|Office of the Attorney General - State of Texas
January 15, 1999
Ms. Marie Dolores Cordova
Dear Ms. Cordova:
You ask whether certain information is subject to required public disclosure under chapter 552 of the Government Code, the Open Records Act. Your request was assigned ID# 123108 and # 123133.
The City of Jourdanton (the "city") received requests from a city councilperson for city bank statements from October 1, 1991, through October 30, 1998, and for police reports "in which an Uzi machine gun with a 30-round clip and a sawed off shotgun were caused to be in the vault at the Jourdanton Police Department and any other information relating to the acquisition of those weapons." You submit information responsive to the requests. We do not understand you to raise any exceptions to disclosure of the requested information. Rather, you ask whether the requested materials may lawfully be released to the requestor.(1)

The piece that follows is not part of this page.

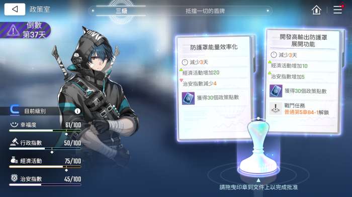 政策的选择会减少灾难的倒计时,因此大家要在时间结束之前达到相应的目标,所以这十分考验对每个指数获得预期的把握。通常情况下,大家选择能够提升三项指数的政策就足矣,但有时会有一些较为特殊的政策,可以解锁战斗任务关卡或者是获得研究笔记,这时就比较推荐大家优先选择它。值得注意的是,诺诺商店的兑换是限量且有时效限制的,有些物资的更新周期是一个月,而有些物资则是一周。每次更新所能刷新出来的物资也会有着一些区别,因此建议玩家们在囤积了一定的政策点数之后再去进行兑换,以免错失了自己想要的材料。此外,诺诺商店中还有着能够增加角色好感度的礼物,玩家们也可以根据自己的需求来酌情换取哟。

You received the requests for information on November 25, 1998 and December 3, 1998. You did not seek a decision from this office until January 6, 1999, and January 5, 1999, respectively. Consequently, you have not met your statutory burden. Gov't Code § 552.301. The requested information, except for confidential information contained therein, is therefore presumed public. However, since we find that the requestor here has a right of access to the information at issue in its entirety, we need not further consider here the consequences of the city's lack of timeliness in seeking the decision of this office.

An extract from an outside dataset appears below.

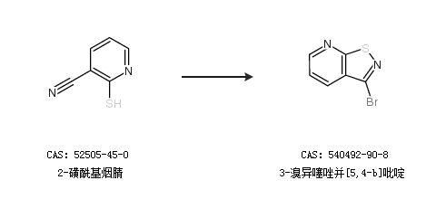 1.通过2-磺酰基烟腈合成3-溴异噻唑并[5,4-b]吡啶

The requestor is a member of the city council and indicates in the requests that the information is to be used in her official duties. This office has previously ruled that members of the governing body of a state or local governmental entity have an inherent right to examine the records of the governmental entity if they request access to the records in their official capacity. See Attorney General Opinion JM-119 (1983); Attorney General Letter Opinion No. 93-69 (1993). Therefore, the requested records must be made available in their entirety to the requestor here. Please note, however, that the records you submitted appear to contain information made confidential under sections 552.101, 552.117, and 552.130 of the act. Although we have found that the city must release the requested information in its entirety to the requestor here, the city and the requestor are prohibited from distributing confidential information contained therein to the public. Gov't Code § 552.352. See also, Attorney General Letter Opinion 69 (1993) (members of governmental body may examine confidential information without waiving its confidentiality or affecting the governmental body's authority to withhold it from public disclosure).

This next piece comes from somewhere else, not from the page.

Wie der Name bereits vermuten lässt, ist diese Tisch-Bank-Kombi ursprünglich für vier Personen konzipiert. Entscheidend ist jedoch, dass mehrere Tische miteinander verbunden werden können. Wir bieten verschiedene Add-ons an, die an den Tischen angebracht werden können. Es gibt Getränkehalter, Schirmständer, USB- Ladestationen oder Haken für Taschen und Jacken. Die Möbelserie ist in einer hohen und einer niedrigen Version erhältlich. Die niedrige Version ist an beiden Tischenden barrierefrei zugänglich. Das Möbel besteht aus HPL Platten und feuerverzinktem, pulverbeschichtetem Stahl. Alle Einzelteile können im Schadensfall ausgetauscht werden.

We are resolving this matter with an informal letter ruling rather than with a published open records decision. This ruling is limited to the particular records at issue under the facts presented to us in this request and should not be relied upon as a previous determination regarding any other records. If you have questions about this ruling, please contact our office.
Yours very truly,
Ref:: ID# 123108
Enclosures: Submitted documents
1. Please note that the Open Records Act imposes a duty on governmental bodies seeking an open records decision pursuant to section 552.301 to submit that request to the attorney general within ten business days after the governmental body's receipt of the request for information. The time limitation found in section 552.301 is an express legislative recognition of the importance of having public information produced in a timely fashion. Hancock v. State Bd. of Ins., 797 S.W.2d 379, 381 (Tex. App.--Austin 1990, no writ). When a request for an open records decision is not made within the time period prescribed by section 552.301, the requested information is presumed to be public. See Gov't Code § 552.302. This presumption of openness can only be overcome by a compelling demonstration that the information should not be made public. See, e.g., Open Records Decision No. 150 (1977) (presumption of openness overcome by a showing that the information is made confidential by another source of law or affects third party interests).